Candidate Biden right on trade policies
After an eightmonth review of the United States’ trade policies toward China, the Biden administration has concluded that Donald Trump was right and Joe Biden was wrong. On the campaign trail, Biden relentlessly attacked Trump’s tariffs on Chinese goods, calling them “disastrous.” Now, he has adopted those same “disastrous” policies.
But candidate Biden was right: Trump’s tariffs did not work. China’s behavior did not change, high-wage jobs did not come back and, while the U.S. deficit with China decreased, this caused the overall U.S. trade deficit to go up. Beijing responded in kind, slapping its own tariffs on American goods. One 2020 study found that “approximately 100%” of the costs of the U.S. tariffs against Chinese goods were paid for by American consumers and businesses. A 2021 study found that the tariffs cost the U.S. economy up to 245,000 jobs.
Trade policy in Washington has become a bipartisan ideology driven by a set of unquestioned assumptions. But, as Adam S. Posen, president of the Peterson Institute for International Economics, points out in a brilliant Foreign Affairs essay, all these assumptions are wrong. We have embraced the dogma that, over the past two decades, America opened up its economy to the world and that American workers suffered as a result. But the facts show the opposite. Posen writes, “(The United States) has increasingly insulated the economy from foreign competition, while the rest of the world has continued to open up and integrate.” He adds, “the country suffers from greater economic inequality and political extremism than most other high-income democracies — countries that have generally increased their global economic exposure.”
Much of the impetus for protectionism in general, and toward China in particular, has come from claims that trade with China was responsible for about 2 million U.S. manufacturing jobs lost — the “China shock.” That sounds like a huge number until you put it into context. The number is for the period 2000 to 2015, so the average number of jobs lost each year was around 130,000.
How many jobs do American workers lose in a typical year through the normal churning of the U.S. economy? 60 million. Of those, a third are voluntary and a third can be attributed to causes not related to foreign trade, such as an employer closing or relocating — leaving a third, 20 million, caused by external shocks. “In other words,” Posen writes, “for each manufacturing job lost to Chinese competition, there were roughly 150 jobs lost to similarfeeling shocks in other industries.”
Posen points out that only about 16% of non-college-educated workers are employed in the manufacturing sector.
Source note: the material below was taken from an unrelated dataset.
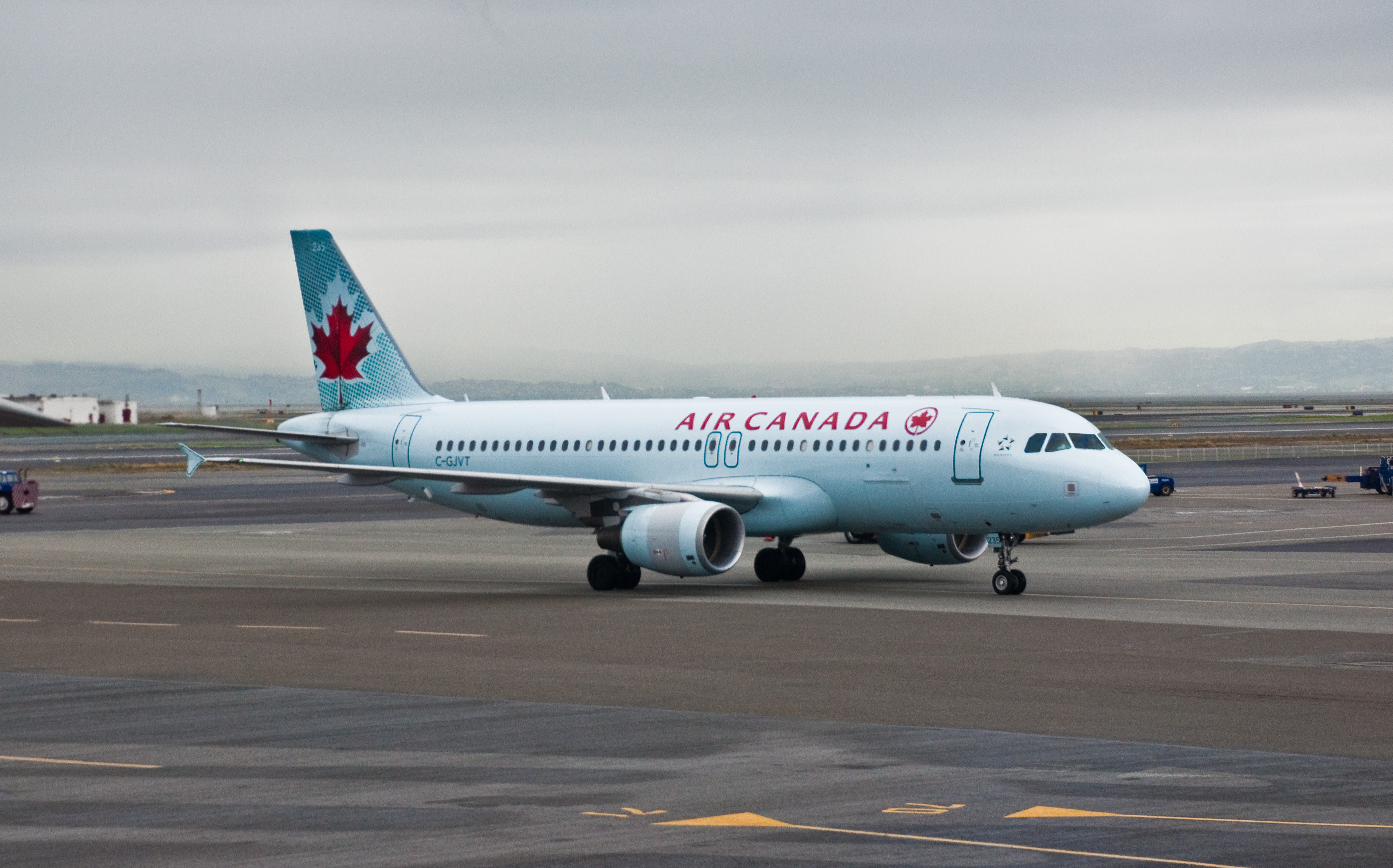 Air Canada Airbus A320, SFO, Nov. 2009.
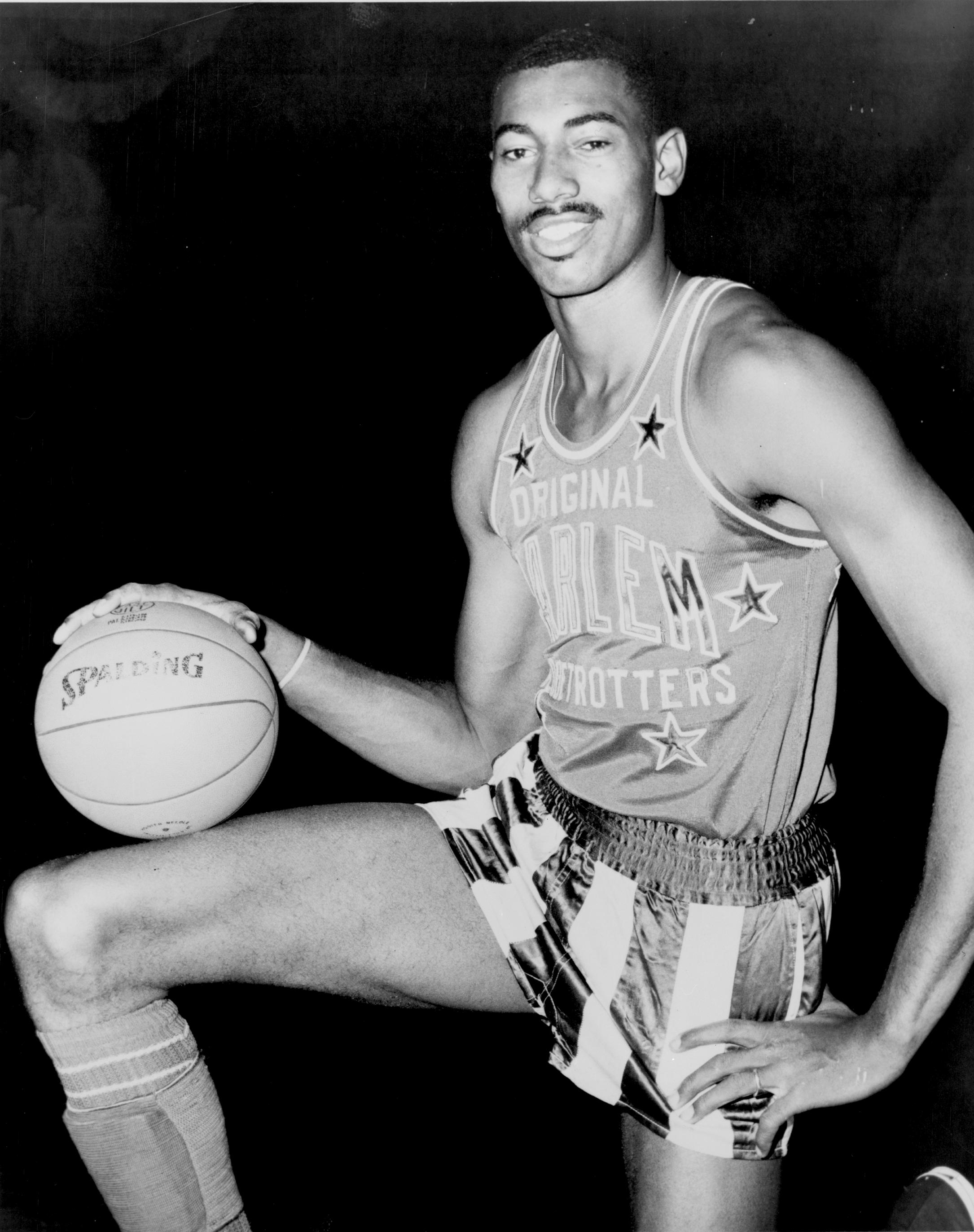 Wilt Chamberlain, American basketball player wearing uniform of Harlem Globetrotters.

And much of the decline in manufacturing jobs, if not most of it, can be attributed to changes in technology, rather than trade. The United States’ manufacturing output keeps rising, even as the number of workers it takes to produce those products has fallen over time.
This is not just a U.S. trend. Posen’s institute produced a chart tracking manufacturing employment in Ohio over the past three decades and compared it to Germany’s North Rhine-Westphalia — a similarly important manufacturing region. Unlike the U.S., Germany has a trade surplus. It provides much governmental assistance for manufacturing, which is seen as the heart of the German economy. Yet, the job losses are even more pronounced in Germany.
It is also worth noting that manufacturing jobs in the U.S. are held mostly by white male workers. A policy that obsessively focuses on them devalues the many good jobs in other sectors, where more women and minorities work. These groups, being poorer, are also disproportionately affected by the higher cost of tariffed goods.
Posen points out that the chief reason for many U.S. economic inequities and discontents is not open trade, but stingy domestic spending. He argues that all workers would gain from a more secure safety net, one in which such benefits as health care are “portable,” meaning not tied to employment. That is where misguided market economics have distorted public policy.
Writing all this sometimes feels pointless. Protectionism has become one of those zombie ideas that continues to move forward, despite all the evidence showing them to be wrong. Most worryingly, it is part of a sea change in basic outlook in the U.S. From an optimistic and confident view that we can thrive in a world in which others also do well — a view borne out by the data — we are now retreating to a cold, curdled view of international life, one that is dark and zero-sum, in which we search for villains to blame for our problems. It’s a world in which we try to gain some narrow benefit for ourselves by cheating everyone else. In other words, it is the Donald Trump way.